EXERCISE DIRECTIONS: Repeat the listing exactly. The images do not belong in the copy.

DATASET RECORDS:
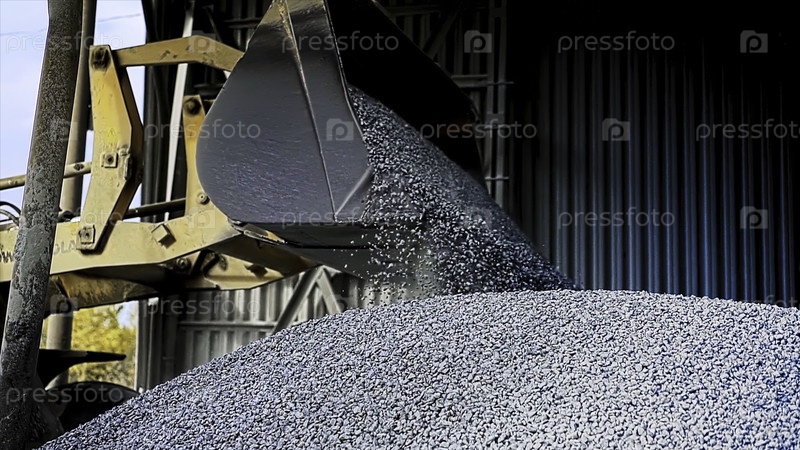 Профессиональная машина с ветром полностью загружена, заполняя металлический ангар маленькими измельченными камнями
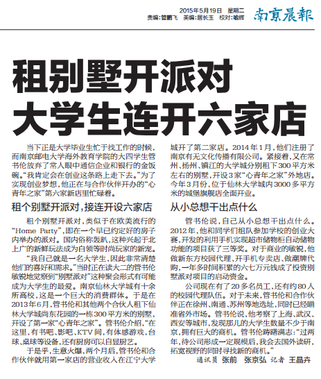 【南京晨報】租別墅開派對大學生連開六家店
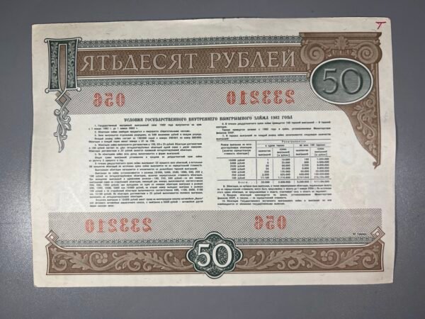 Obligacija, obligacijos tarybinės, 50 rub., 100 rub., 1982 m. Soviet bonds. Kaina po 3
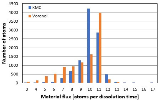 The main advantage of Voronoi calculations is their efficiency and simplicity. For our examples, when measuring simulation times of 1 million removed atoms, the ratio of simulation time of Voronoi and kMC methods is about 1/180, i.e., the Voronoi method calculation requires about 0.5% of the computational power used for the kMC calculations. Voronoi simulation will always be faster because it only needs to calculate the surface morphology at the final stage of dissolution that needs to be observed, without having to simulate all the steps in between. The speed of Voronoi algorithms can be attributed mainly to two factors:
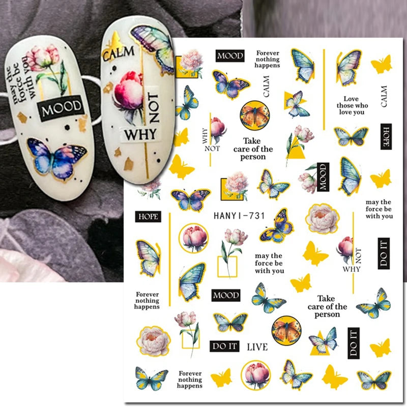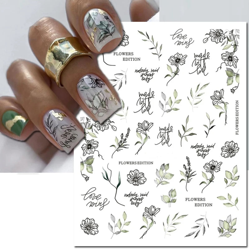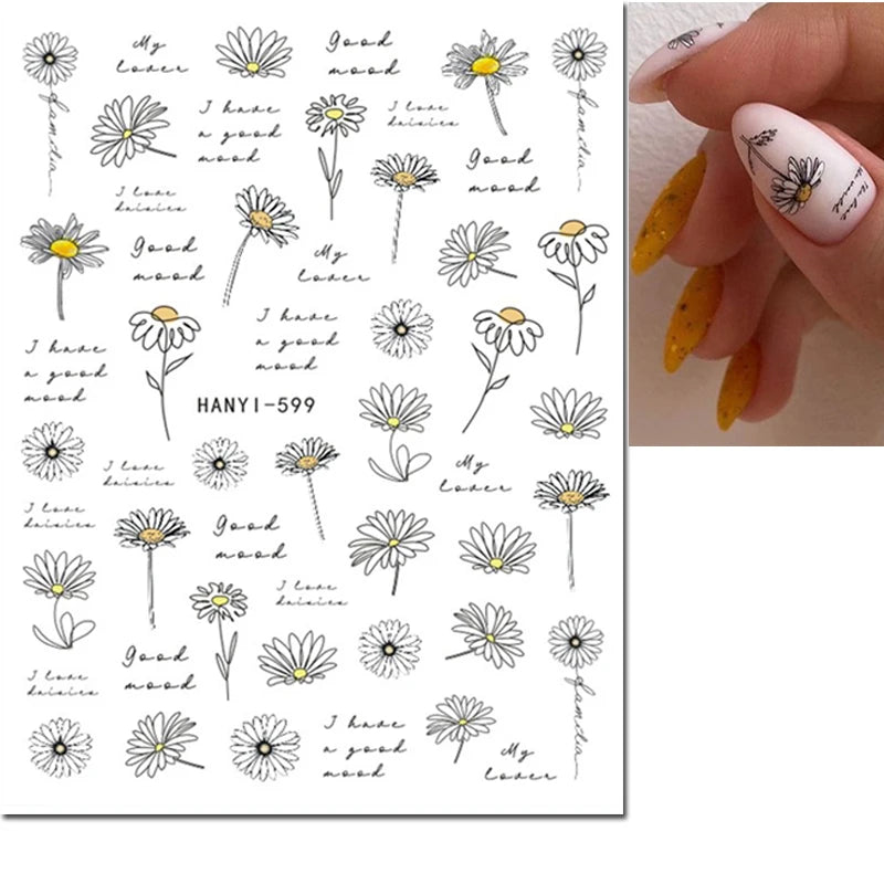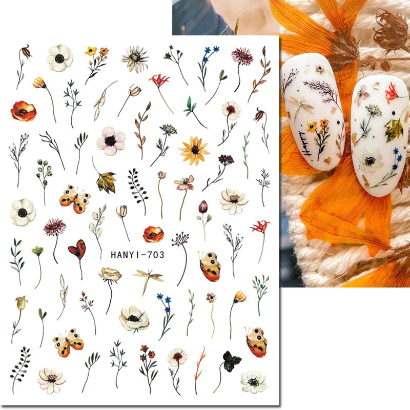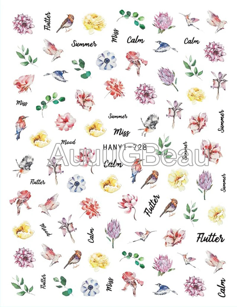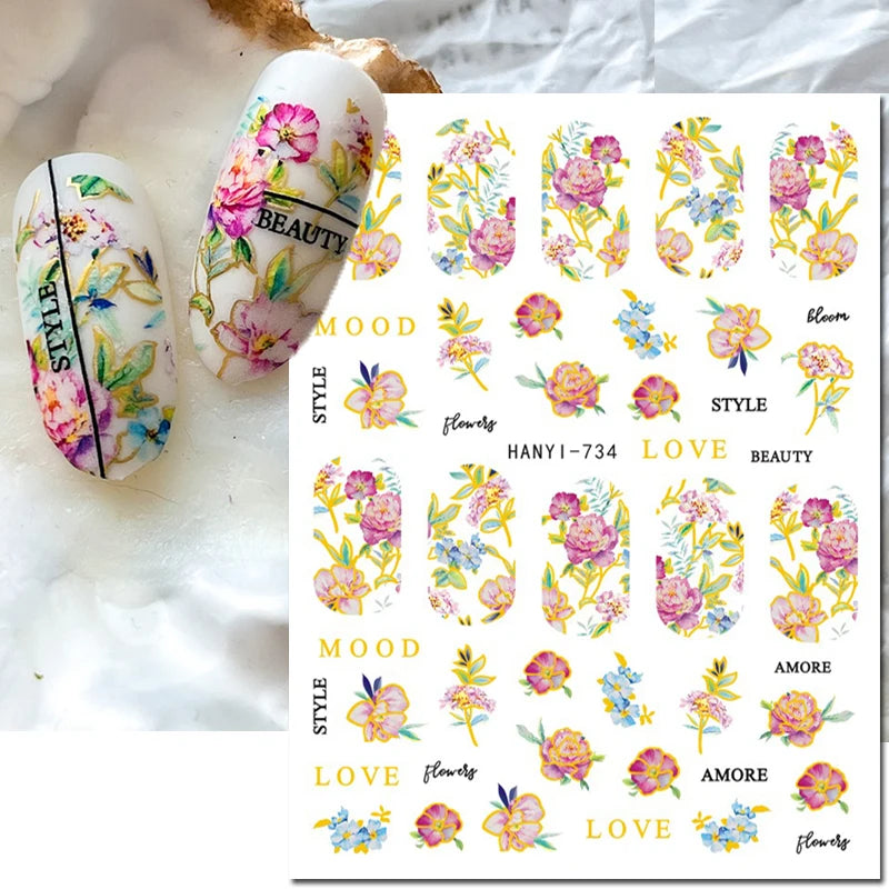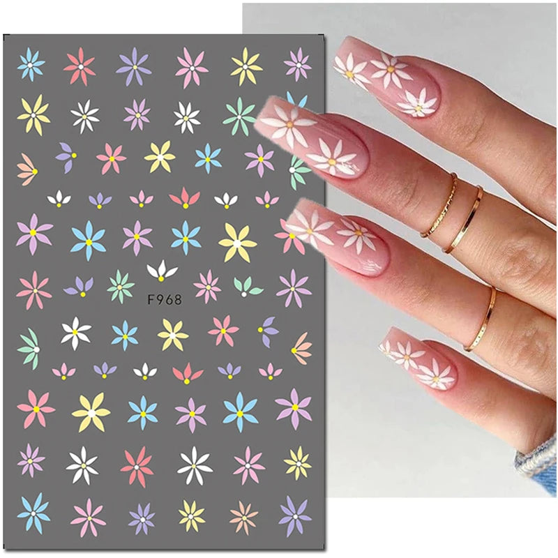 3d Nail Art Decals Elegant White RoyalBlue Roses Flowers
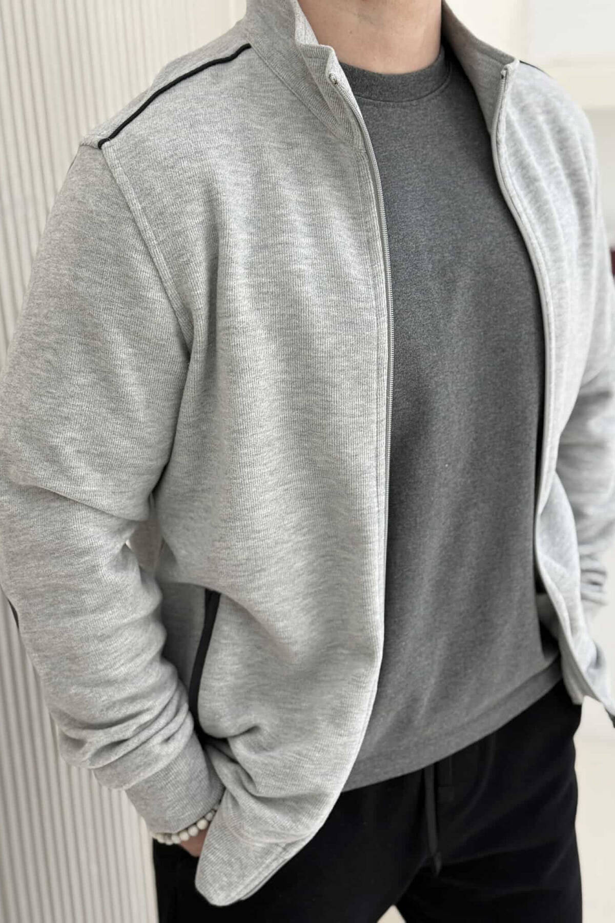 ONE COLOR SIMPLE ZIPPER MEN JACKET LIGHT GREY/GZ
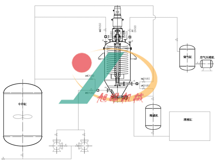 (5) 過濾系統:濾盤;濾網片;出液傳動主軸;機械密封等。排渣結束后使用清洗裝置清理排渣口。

TASK ANSWER:
 Профессиональная машина с ветром полностью загружена, заполняя металлический ангар маленькими измельченными камнями
 【南京晨報】租別墅開派對大學生連開六家店
 Obligacija, obligacijos tarybinės, 50 rub., 100 rub., 1982 m. Soviet bonds. Kaina po 3
 The main advantage of Voronoi calculations is their efficiency and simplicity. For our examples, when measuring simulation times of 1 million removed atoms, the ratio of simulation time of Voronoi and kMC methods is about 1/180, i.e., the Voronoi method calculation requires about 0.5% of the computational power used for the kMC calculations. Voronoi simulation will always be faster because it only needs to calculate the surface morphology at the final stage of dissolution that needs to be observed, without having to simulate all the steps in between. The speed of Voronoi algorithms can be attributed mainly to two factors:
 3d Nail Art Decals Elegant White RoyalBlue Roses Flowers
 ONE COLOR SIMPLE ZIPPER MEN JACKET LIGHT GREY/GZ
 (5) 過濾系統:濾盤;濾網片;出液傳動主軸;機械密封等。排渣結束后使用清洗裝置清理排渣口。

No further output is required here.